权重的选取至关重要,作者发现基准模型MedSAM可以在前期指导传统模型UNET,但是由于领域偏移容易出现高置信度错误预测,而随着UNET的完善,可以对MedSAM犯下的该错误进行一定的纠正。
因此,权重应该是一个动态变化的,在前期由MedSAM主导,ɑ很小,而随着UNET越来越可靠,ɑ逐渐变大。
所以,权重ɑ的大小与教师模型UNET是否可靠密切相关,而对于可靠性的量化作者使用 一致性 。
作者认为,对于一张图的预测结果,如果教师UNET足够可靠,那么他应该与学生UNET与教师MedSAM的预测较为统一,差异较小。
依据该原则,如下图所示,作者分别统计教师UNET与学生UNET和教师MedSAM的预测结果一致性,分别得到两个指标 Self-Confidence 和 Mutual-Confidence ,再将两者相乘得到权重ɑ。
2.3学生间的一致性正则化
作者的 协同 还体现在两个学生模型间互助训练。
在无标签数据预测中,对于两个学生预测 意见一致 的区域进行 香农熵 的计算,通过该指标引导他们在一致的方面更加团结。
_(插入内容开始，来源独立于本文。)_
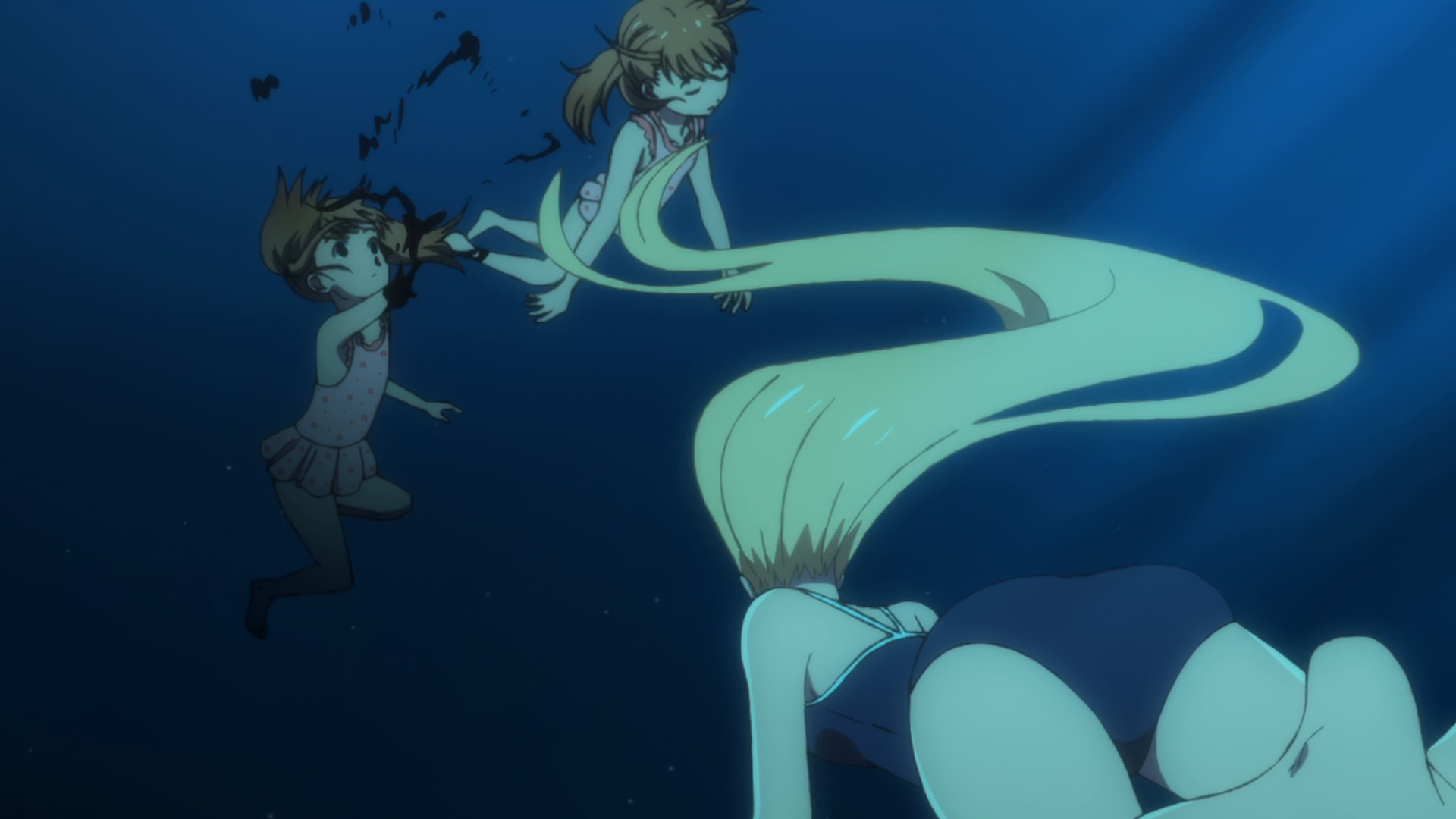 We see that Shadow Ushio was an anomaly from the very start. She didn’t have that malice or creepy disposition that the other Shadows we’ve seen have. Instead, she’s just a perfect copy of Ushio. Same attitude, same humor, same personality, it’s more like they’re twin sisters than anything. Admittedly it was pretty fun watching them together because of how well they got along. Their little banter during the video seemed like something twins would do to mess with other people and it was really entertaining. And I know I just said that I’m not the biggest fan of Ushio, though I have nothing against her. But there wasn’t much to her other than genki clueless girl. This episode helped us see her in another light though. While she still is a very genki person, she’s also very headstrong and caring. She looks after the kids and knowing that Shiori was in danger after finding out that a Shadow needs to kill the original, she did everything she could to save her. She’s a really sweet person with determination, but unfortunately she and her Shadow weren’t able to succeed. Last episode just did not do a good job in characterization for ANYONE really, I’m still puzzled what that episode even was. It was nothing like this or all the other episodes so it leaves a sour taste, but thankfully we were able to get back on track with this one. Because this episode was able to make me appreciate Ushio a lot more, and I’m excited to see how things will develop now that Shadow Ushio’s memories have come back to her. With those memories, her powers have come back to her too and I gotta say I love her hair attack.

而对于预测 存在歧义 的区域通过 均方误差 进行协商调整,减少歧义。
其中 M
c和 Md分别代表一致区域与歧义区域的 布尔矩阵 ,通过 Hadamard product 实现区域选取操作。
三、实验
作者进行了大量的对照与消融实验,该部分理解简单不是本文的重点,故简单摘取部分介绍
在前列腺数据集上对比实验,最后两行分别是拿学生UNET和学生MedSAM测试结果
对于权重ɑ设计的消融实验
四、?
个人觉得阅读时的思考十分重要,而本人目前学识尚浅,但是依旧希望通过记录提醒自己保持探索思考,便有了该节
以下内容十分浅显乏味甚至错误,不读也罢
作者主要围绕 医学影像半监督 中的 领域迁移 问题,利用 融合 和 一致性正则化 两个核心内容应对。
优点: 对无标签数据风格万千,差异较大问题进行改善
缺点: 整体上应用了四个模型,损失函数复杂,标签多次处理,虽然只有两个通过反向传播学习,并且 MedSAM 通过 LoRa 优化训练,整体训练成本可能还是不低
问题:
- 阅读论文与源码发现对于中间数据生成是通过复制粘贴,但是由于覆盖的原因加上代码中似乎并没有相应判断,可能会将有标签数据的掩码标签的全黑部分覆盖掉无标签数据的待检测部分,导致最后中间数据中没有待检测区域,掩码为全黑。可以通过控制框选区域对应的真实标签的待检测区域(白色掩码区域)在选取的占比优化。
- 权重ɑ通过两个 Confidence 相乘获得,对于 Mutual-Confidence ,该值小可能是教师UNET不够可靠,但是也可能是教师MedSAM出现了高置信度预测错误,而后者不正是更需要UNET站出来的情况吗?